I was bit surprised to see M1 in the iMacs. I thought the M1 was going to be a very capable proof of concept. But now we've got it in iMacs, iPads, and Macbooks. So I wouldn't be shocked if they spread it far and wide.
This is perhaps the real genius of the M1. It's a great chip and all. But when you make it the only choice, people are finding the only choice is more than sufficient. And now Apple only has to produce one piece of silicon for their iMacs, iPad Pro, and Laptops. What a boon for logistics.
I think that's a bit dramatic. I'm using a 16GB M1 Macbook Pro as my daily driver doing standard, boring professional work (lots of email, tabs open, PDF manipulation, Word, Excel, etc). It performs as well if not better than the 2018 Macbook Pro it replaced with 32 GB of RAM and an i7. And it cost less than that one.
The iMac will perform comparably (probably a bit better due to better thermals). My point is that these are not bad machines and I don't see why you'd steer someone away from them.

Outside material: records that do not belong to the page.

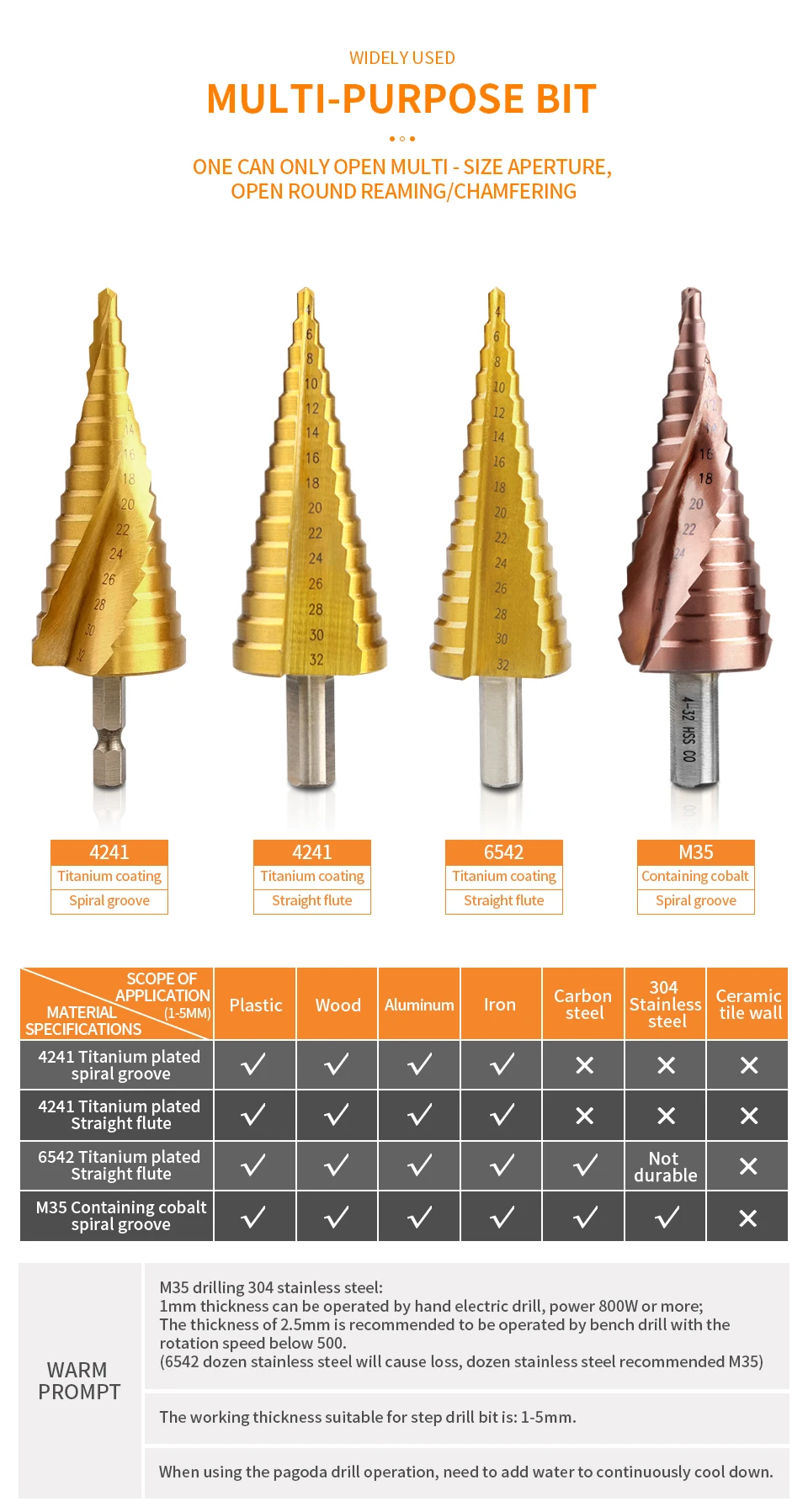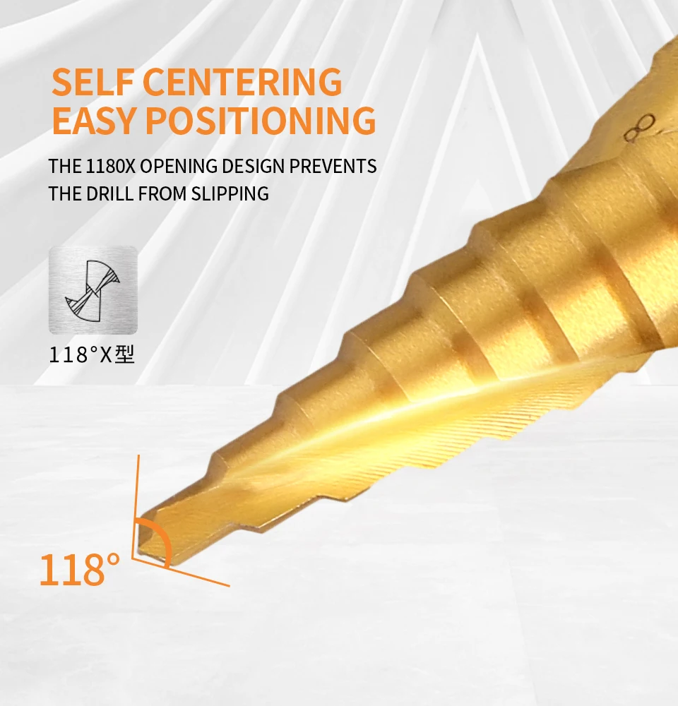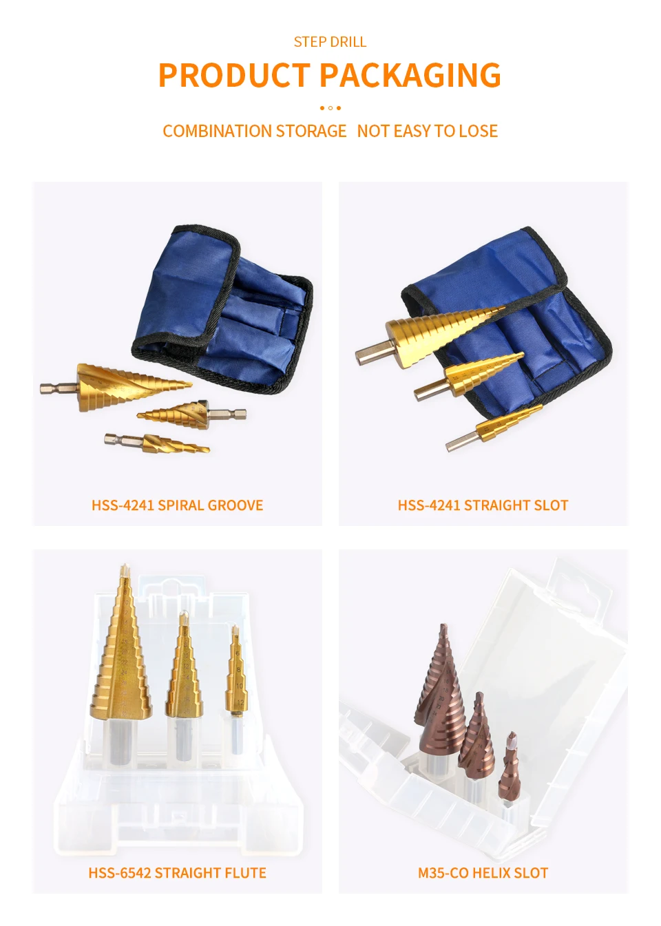 1. Уникальная ступенчатая структура, различные стандартные размеры сверла резьбы диафрагмы, коробка прибыла на лестницу сверла.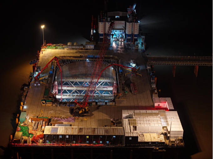 杭州灣跨海鐵路橋是通甬高鐵的控制性工程,全長29.2公里,采用時(shí)速350公里的雙線無砟軌道設(shè)計(jì),是超大的高速鐵路橋梁集群工程,自2022年11月開工,已經(jīng)過2年連續(xù)不間斷施工,計(jì)劃2027年年底具備通車條件。此次完成澆筑的北航道橋9號主塔墩承臺,面積相當(dāng)于5個(gè)籃球場,設(shè)計(jì)使用混凝土方量近14000立方米。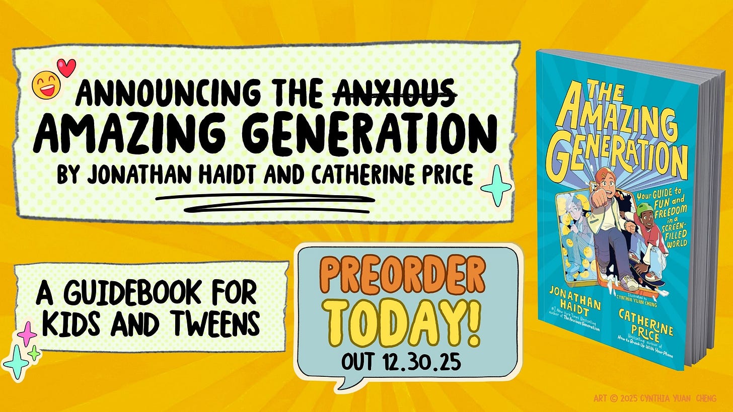 The Amazing Generation, my new book for kids (coauthored with The Anxious Generation author Jonathan Haidt) comes out December 30th. I just received my own copy and it looks great (a huge shoutout to Cynthia Yuan Cheng for creating art that brings the book to life). I truly can’t wait for you all to check it out!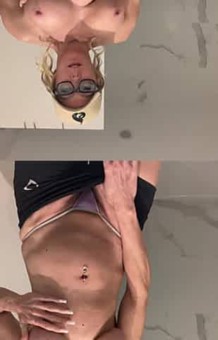 Nice-looking Slender fitness can't stand the urge and touches her twat in the gym washroom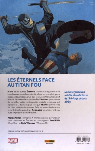 Une interprétation inédite et audacieuse de l'héritage de Jack Kirby. Ikaris et les autres Eternels viennent d'apprendre le lourd secret se cachant derrière leur immortalité : pour chaque résurrection d'un des leurs, un être humain doit mourir. Ils se rendent auprès des Déviants pour tenter de modifier cette contrepartie, mais la rencontre est houleuse... d'autant plus lorsque Thanos arrive avec de bien sinistres intentions. Et la situation devient vite incontrôlable quand les Avengers se retrouvent eux aussi impliqués dans l'histoire. Kieron Gillen (Immortel X-Men) ne recule devant rien pour bousculer les Eternels en compagnie d'Esad Ribic (King Thor) et Guiu Vilanova (Weapon H).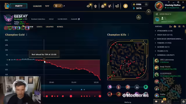Ein League of Legends-Spiel kippt durch unkoordinierte Kämpfe endgültig. Ein massiver Goldvorteil und ein starker Teamcomp der Gegner führen zur unaufhaltsamen Niederlage. Nach der Partie werden die systematischen Fehler des eigenen Teams als Ursache analysiert.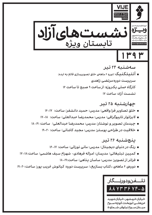 - چیدمان تصویر و نوشتار / مدرس: محمدرضا عبدالعلی / ساعت: 19 - 18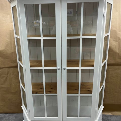 Vitrinskåp i vitoljad ask. Frostat glas i dörrarna. Skåpet är i mycket gott skick.
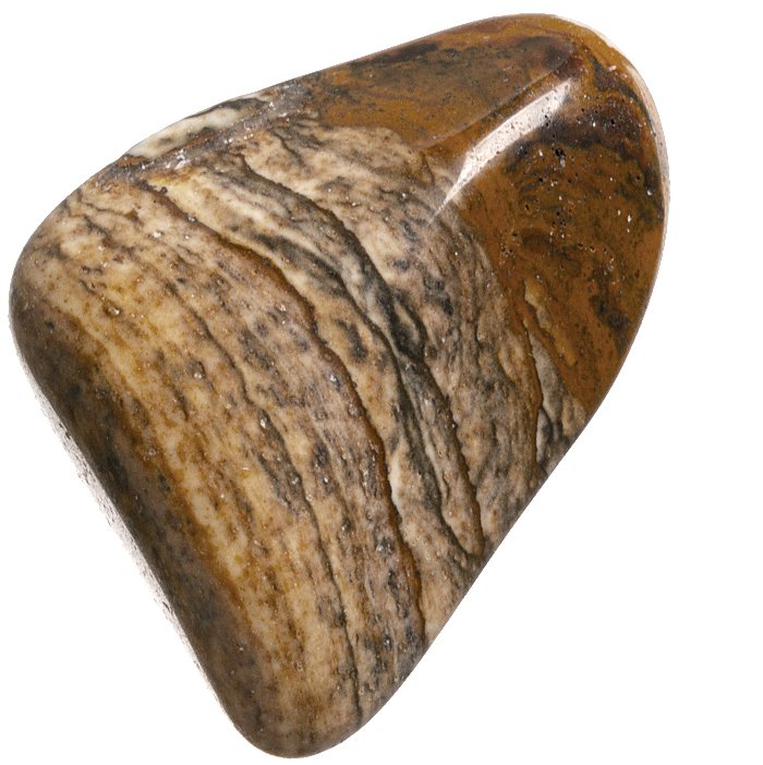 Tromlovaný kamínek obrázkového jaspisu na tvorbu kamenné bižuterie, dekorací nebo do sbírky minerálů.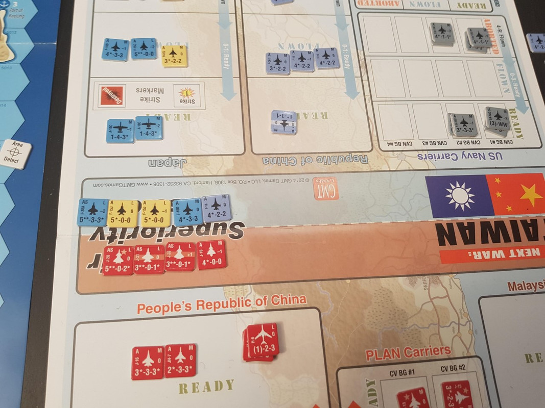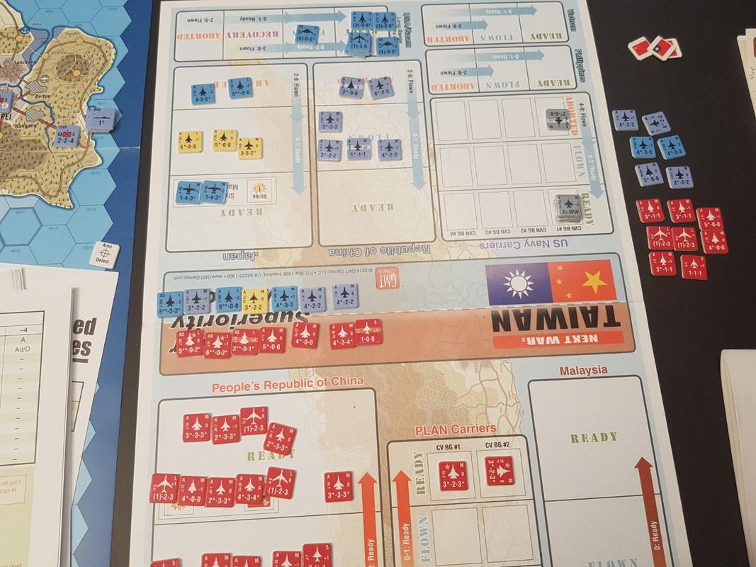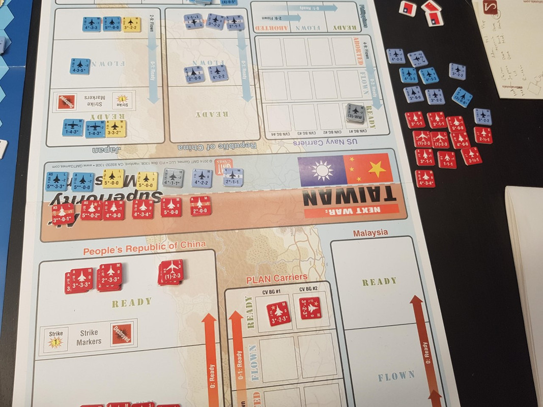 Flygbilden är efter flygstriderna. Det är contested i luften. Några duktiga piloter i F-15E lyckas skada några stealth-plan. De utslagna brickorna (totalt i spelet) syns till höger. Kina har fortfarande övertag i antalet attackplan, men i övrigt väger det. Det kom att märkas under turnen.

However, the price is still quite high compared to other manufacturers and options. But that's always been the case.
The M1 isn't what kills x86 (if it ever does completely). ARM kills x86.
Microsoft is working on the ARM transition. ARM has good control of mobile hardware. And Apple will be only selling ARM hardware (in the form of Apple Silicon) in another 12-18 months.
This was a situation I ran into a lot when buying simple Intel-based nuc's for family. It got more complex when the difference between and i5 and i7 got really close due to thermal constraints.
I think the issue with the comment is that it comes off as biased or distracting (regardless of the intent). The conversation is about Apple Silicon vs Intel, and then it veers off topic with discussion of Ryzen.
Also, saying that people are "lapping up" the Apple marketing suggests that it's more sizzle than steak. But it's completely undeniable that the A chips, and by extension, the M1 is a beast.